Applied Nanotech, Inc. (ANI), a PEN Inc. company(PEN), announces successful completion and test of fiberglass ballistic and blast-resistant armor panels that incorporate printed electronic antennas capable of sending and receiving radio communications and jamming enemy communication signals. The armor provides multi-channel communications and advanced active protection for vehicles, ships and buildings.
The multi-function armor eliminates the need for multiple high-profile communications antenna structures on military vehicles and ships, making them less visible and identifiable in hostile situations. The armor-incased antennas also have jamming capability to block radio signals, such as those used to remotely trigger explosives, including improvised explosive devices (IEDs).
Two wideband low-profile antennas have been developed, each capable of carrying signals at multiple frequencies. Together they provide electronic warfare, jamming and communication capabilities. ANI partners in the program are Armortex, maker of bullet-, blast- and forced entry-resistant products, The University of Tennessee at Knoxville and Villanova University. The research, supported by a federal Small Business Technology Transfers program (STTR) sponsored by the Office of Naval Research (ONR), combines the knowledge and experience of printed electronics of ANI with the antenna design and modeling capabilities of UT Knoxville and Villanova, and bullet-resistant fiberglass panel products manufactured by Armortex.
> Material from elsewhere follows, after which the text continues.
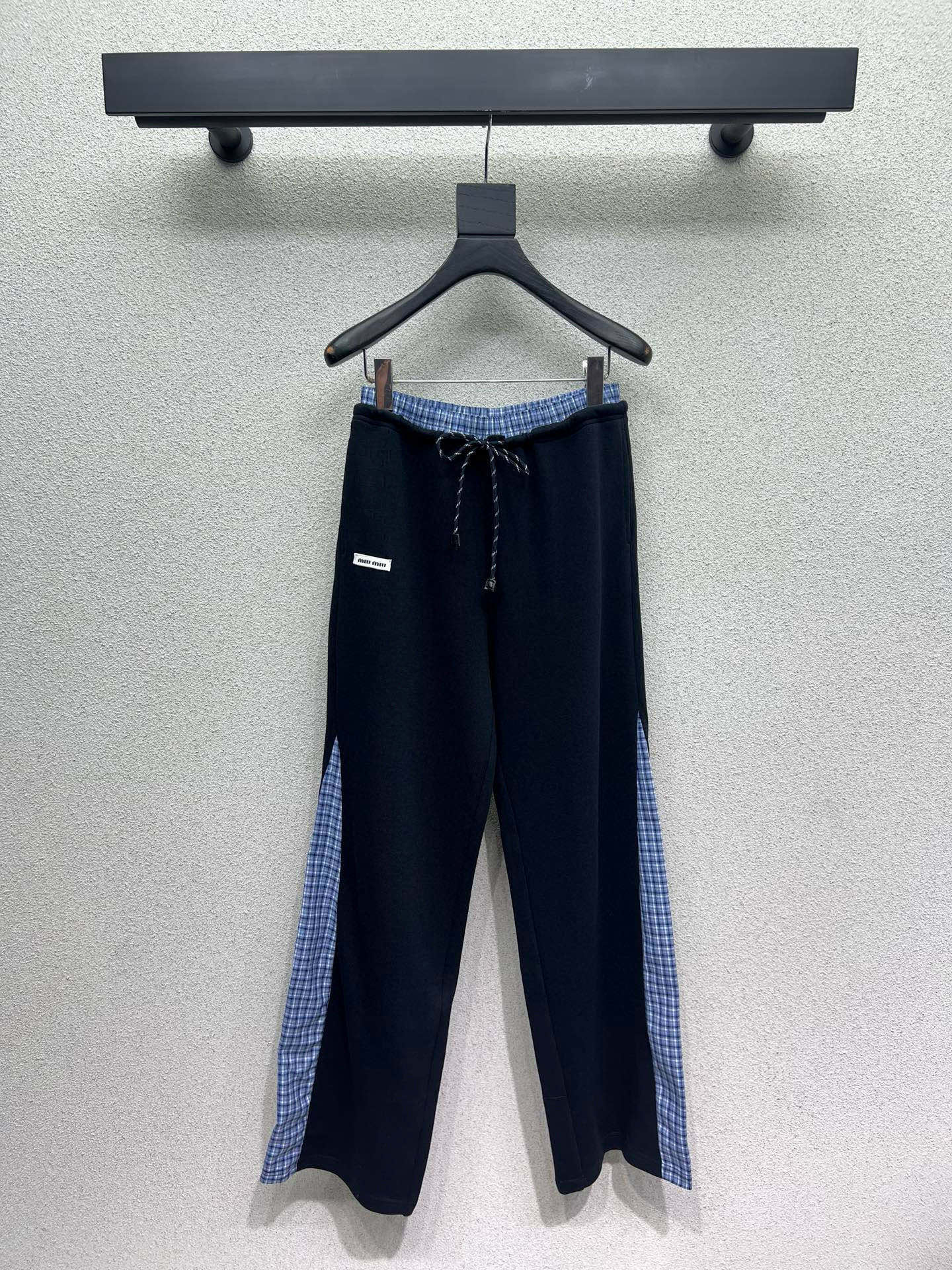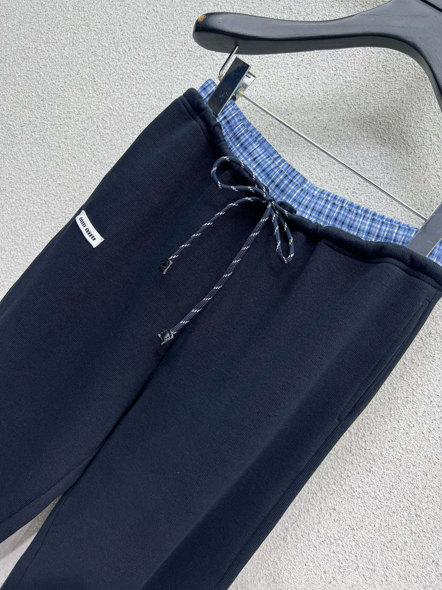 Miumiu缪缪定制字母小标格子拼接定制双头拉链连帽外套抽绳松紧腰长裤休闲套装
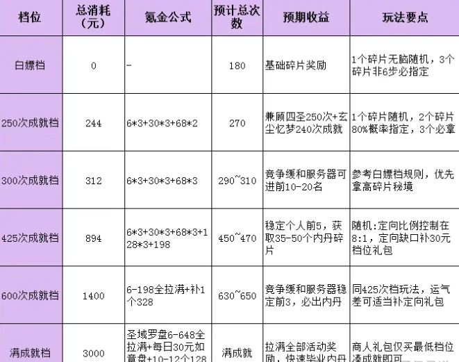 注意档位调剂,计划着累充搭配,新区没出内丹的可看白嫖玩家。

"Applied Nanotech and the university partners have made impressive technology strides to create new applications for our existing product line," says Rick Snelling, Vice President/General Manager of Armortex.
"The applications of printed electronics are vast; ANI offers the knowledge and experience to help realize the potential," says Dr. Richard Fink, President, Applied Nanotech. "This success demonstrates our comprehensive capabilities as the PEN design center."
"This has been a challenging yet exciting program to take a passive composite material and create a complex antenna structure that not only provides ballistic protection but also may help defeat improvised explosive devices and other threats," says Dr. Aly Fathy, Professor, Department of Electrical and Computer Engineering at UT Knoxville. "This program is a synergistic combination of functional requirements, materials, novel design, modeling and testing," says Dr. Ahmad Hoorfar, Professor and Director of Antenna Research Laboratory, Department of Electrical and Computer Engineering, Villanova University.